= Lotta Wennäkoski =

Finnish composer (born 1970)

Lotta Annukka Wennäkoski (born 8 February 1970) is a Finnish composer.

Wennäkoski was born in Helsinki. She studied the violin at the Béla Bartók Secondary Grammar and Technical School of Music in Budapest, Hungary, in 1989–1990 and music theory and composition at the Sibelius Academy between 1994 and 2000 under Eero Hämeenniemi, Kaija Saariaho and Paavo Heininen and in the Royal Conservatory of The Hague between 1998 and 1999 under Louis Andriessen.

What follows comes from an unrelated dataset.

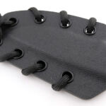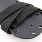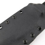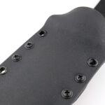 The small and neat Kydex sheath arrives with a neck lanyard, nicely laced through the eye rivets that hold the Kydex halves together. These eye rivets allow for other mounts to be fitted such as the ULTICLIP. The sliding adjustment toggle also serves as a safety break-away. There is a drainage hole at the blade tip on one side.

Wennäkoski began her career as a composer by composing for radio plays and short films. A major landmark on her career was a concert at the Musica Nova Helsinki festival in 1999. Her notable works include Sakara for orchestra (2003), commissioned by Esa-Pekka Salonen, the string quartet Culla d’aria (2004), commissioned by the Kuhmo Chamber Music Festival, Hava for chamber orchestra, the flute concerto Soie (2009), one of the recommended works at the UNESCO International Rostrum of Composers in 2012, Verdigris for chamber orchestra (2015), commissioned by The Scottish Chamber Orchestra, and Flounce for orchestra, commissioned by the BBC and performed at the Last Night of the Proms in 2017.

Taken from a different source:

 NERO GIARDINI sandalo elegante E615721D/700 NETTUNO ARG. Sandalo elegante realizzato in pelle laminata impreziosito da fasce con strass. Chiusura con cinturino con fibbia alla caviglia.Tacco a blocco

As a composer, Wennäkoski has been described as a lyricist and a lyrical Modernist and post-Expressionist, and she has described herself as "often navigating in an area between exciting timbral qualities and more conventional gestures like melodic fragments".

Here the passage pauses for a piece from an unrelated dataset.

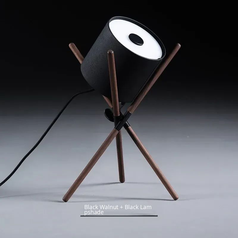 Nordic Modern Designer Table Lamp for Living Room, Villa Bedroom, and Study - Creative and Unique Black Walnut Wood Lighting Solution

Wennäkoski acted as the artistic director of the Tampere Biennale festival in 2008 and 2010, as the composer-in-residence of the Tapiola Sinfonietta during the season 2010–2011 and designed the program of the Avanti! Summer Sounds festival in 2017.

== Recordings ==
- Nosztalgiaim, Sade avaa ("Rain opens"), Culla d'aria, Love and Life of a Woman – Avanti! Chamber Orchestra; Tuomas Hannikainen, conductor; Eija Räisänen, soprano; Tanja Kauppinen-Savijoki, soprano; Riikka Rantanen, mezzo-soprano (Alba Records)
- Soie, Hava, Amor Omnia Suite – Kersten McCall, flute; Finnish Radio Symphony Orchestra; Dima Slobodeniouk, conductor (Ondine)
- Balai – Petri Kumela, guitar (Alba Records)
- Limn (2002), solo bass clarinet (Orlando Records)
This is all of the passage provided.